## Aim of the exercise
Could you retype all of the entries exactly, without their pictures?

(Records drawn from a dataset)
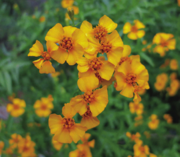 The bright gold flowers of the Mexican Mint Marigold, also known as Texas Taragon, add color to the garden from summer to first frost. This perennial herb has the scent of tarragon with a hint of anise and is used to flavor fish and chicken.
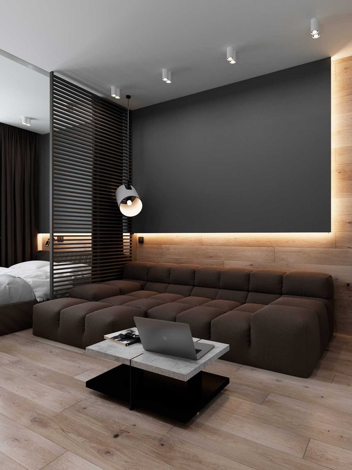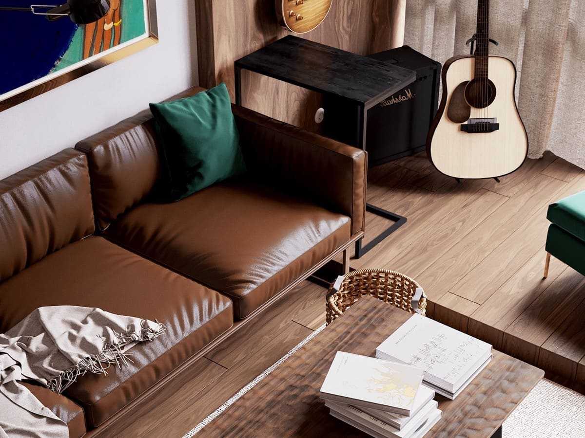 Большой кожаный диван в коричневом цвете идеально подойдет для брутального мужского интерьера
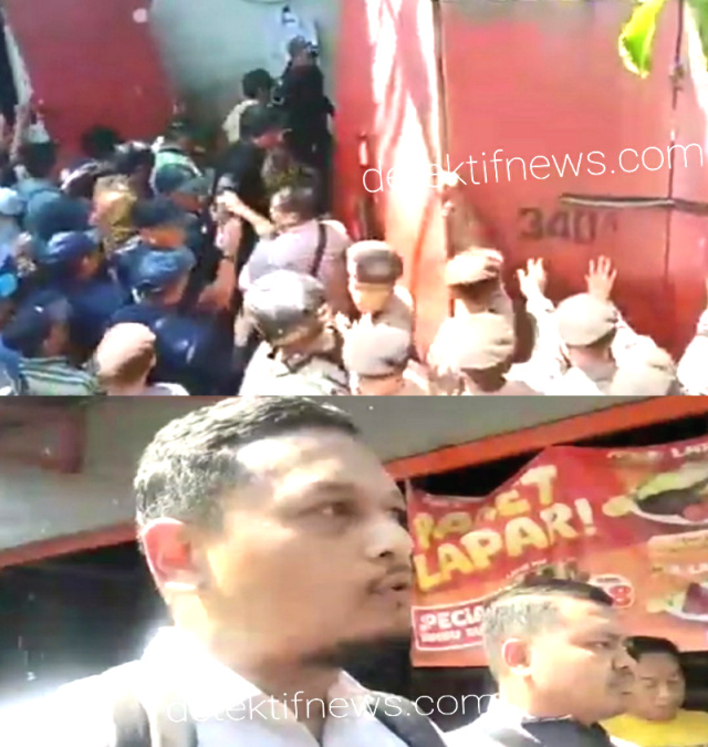 Setelah berjalan cukup alot dan sempat terjadi saling dorong, juru sita akhirnya berhasil masuk ke dalam bangunan.
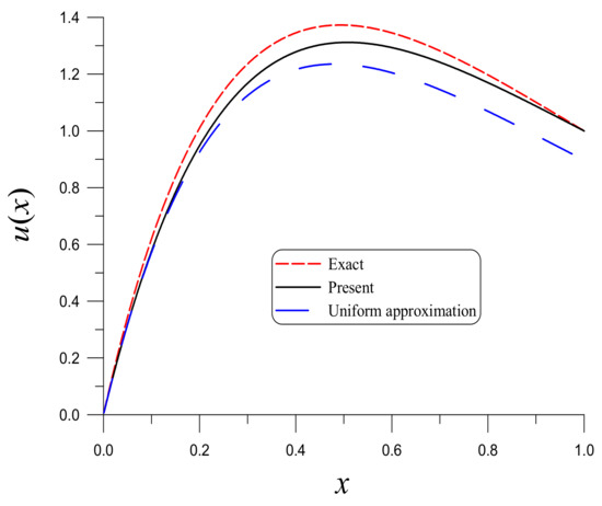 Given , and , Figure 1 compares , and the present result u in Equation (27), where the maximum error (ME) of is and the ME of is . The present u in Equation (27) is closer to the exact solution than that of in Equation (18). In Table 1, we compare the ME1 of and the ME2 of for different values of , which are close when . For , ME1 is smaller than ME2. Equations (27) and (18) possess the same asymptotic property, since
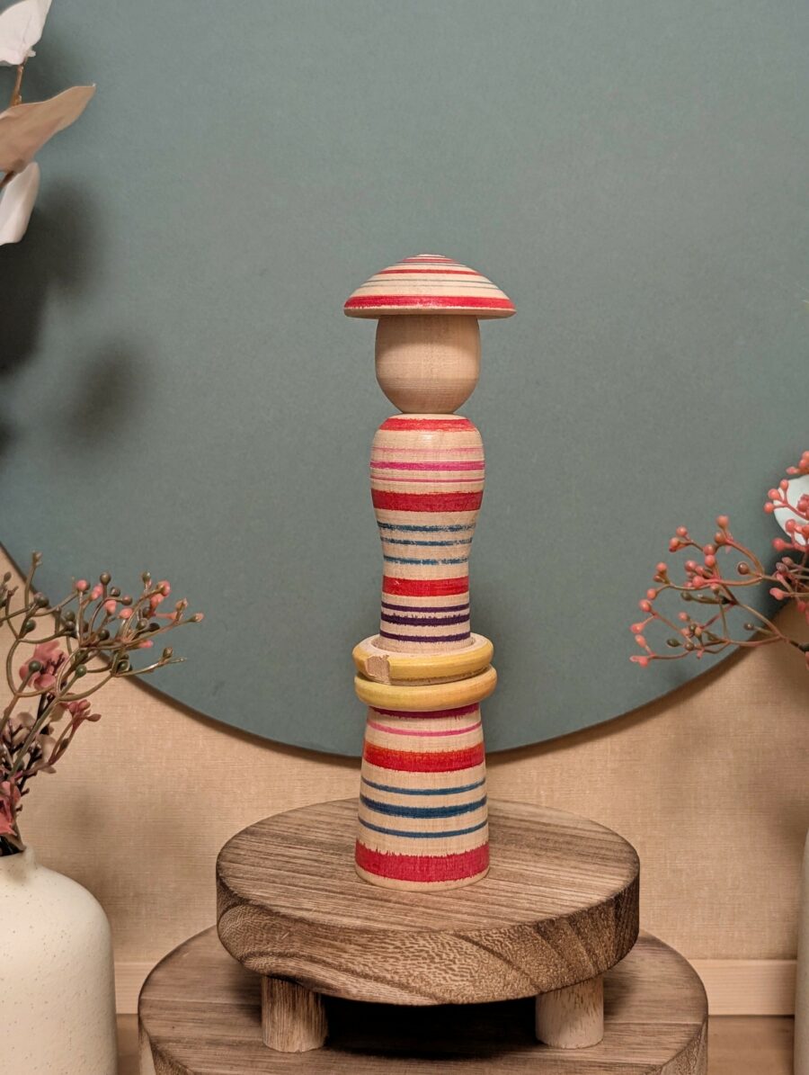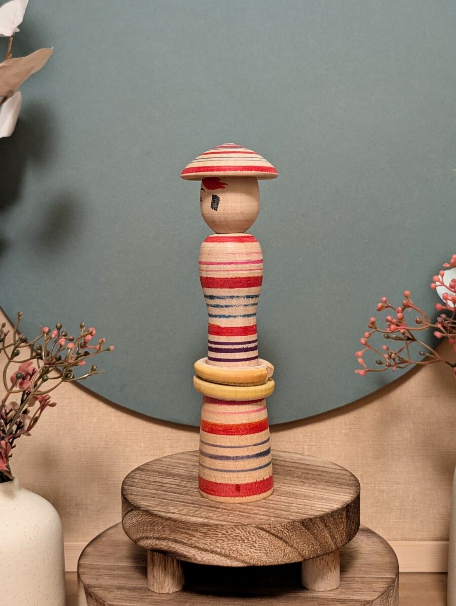 Les Kokeshi sont des poupées en bois traditionnelles japonaises, fabriquées à la main par des artisans japonais qui transmettent leur savoir de génération en génération.
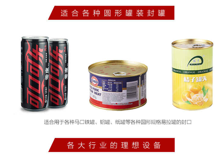 4、適用于各種馬口鐵罐、鋁合金罐、紙罐等各種圓形規(guī)格易拉罐的封口,操作簡單易學,是食品、飲料、制藥等行業(yè)的理想設(shè)備
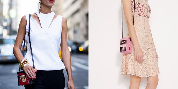 Small box bags look very interesting and coquettish. The design of these models was influenced by ordinary cigar boxes.
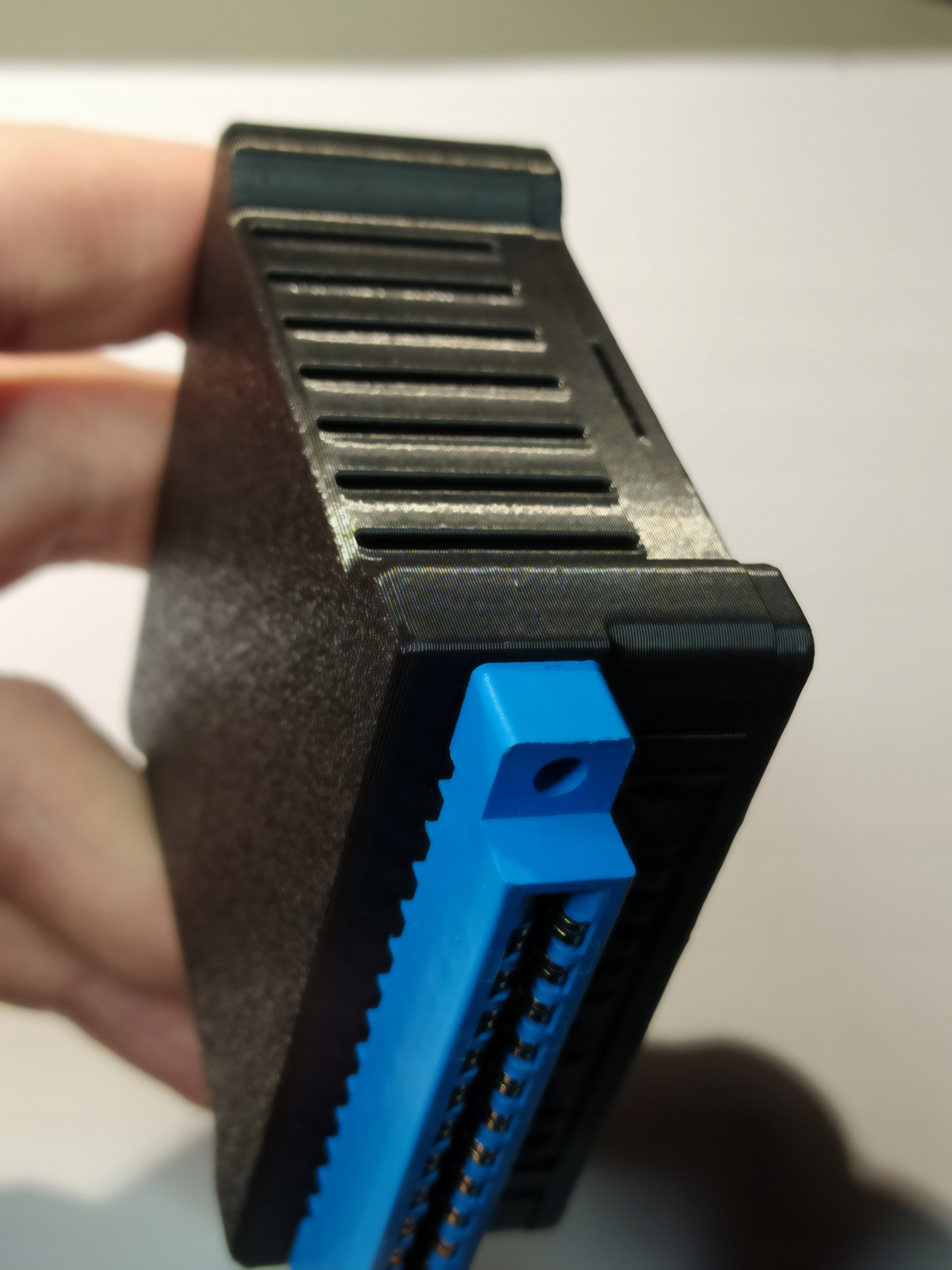 Корпус по сравнению с оригинальным дизайном имеет дополнительные вентиляционные отверстия для лучшего отвода тепла от модуля ESP.
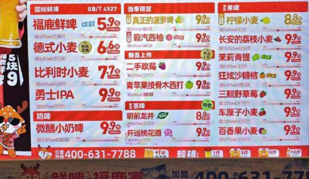 仔细一想,如果没有蜜雪冰城的助力,福鹿家似乎也不能在2、3年之内成为从小透明成长到全国首屈一指的鲜啤连锁品牌。
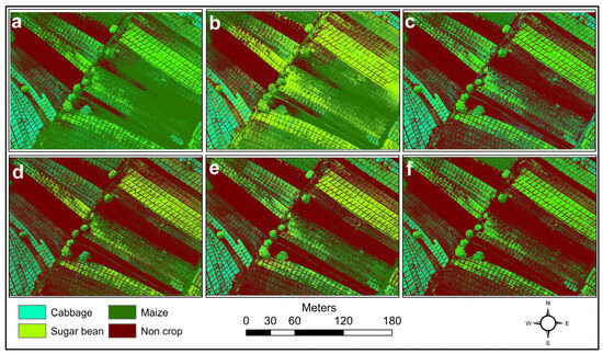 Differentiation of crop types using (a) MLT on Blue band, (b) MLT on Green bands, (c) MLT on NIR, (d) MLP, (e) RBFNN, and (f) SOM.

## Response to this exercise
 The bright gold flowers of the Mexican Mint Marigold, also known as Texas Taragon, add color to the garden from summer to first frost. This perennial herb has the scent of tarragon with a hint of anise and is used to flavor fish and chicken.
 Большой кожаный диван в коричневом цвете идеально подойдет для брутального мужского интерьера
 Setelah berjalan cukup alot dan sempat terjadi saling dorong, juru sita akhirnya berhasil masuk ke dalam bangunan.
 Given , and , Figure 1 compares , and the present result u in Equation (27), where the maximum error (ME) of is and the ME of is . The present u in Equation (27) is closer to the exact solution than that of in Equation (18). In Table 1, we compare the ME1 of and the ME2 of for different values of , which are close when . For , ME1 is smaller than ME2. Equations (27) and (18) possess the same asymptotic property, since
 Les Kokeshi sont des poupées en bois traditionnelles japonaises, fabriquées à la main par des artisans japonais qui transmettent leur savoir de génération en génération.
 4、適用于各種馬口鐵罐、鋁合金罐、紙罐等各種圓形規(guī)格易拉罐的封口,操作簡單易學,是食品、飲料、制藥等行業(yè)的理想設(shè)備
 Small box bags look very interesting and coquettish. The design of these models was influenced by ordinary cigar boxes.
 Корпус по сравнению с оригинальным дизайном имеет дополнительные вентиляционные отверстия для лучшего отвода тепла от модуля ESP.
 仔细一想,如果没有蜜雪冰城的助力,福鹿家似乎也不能在2、3年之内成为从小透明成长到全国首屈一指的鲜啤连锁品牌。
 Differentiation of crop types using (a) MLT on Blue band, (b) MLT on Green bands, (c) MLT on NIR, (d) MLP, (e) RBFNN, and (f) SOM.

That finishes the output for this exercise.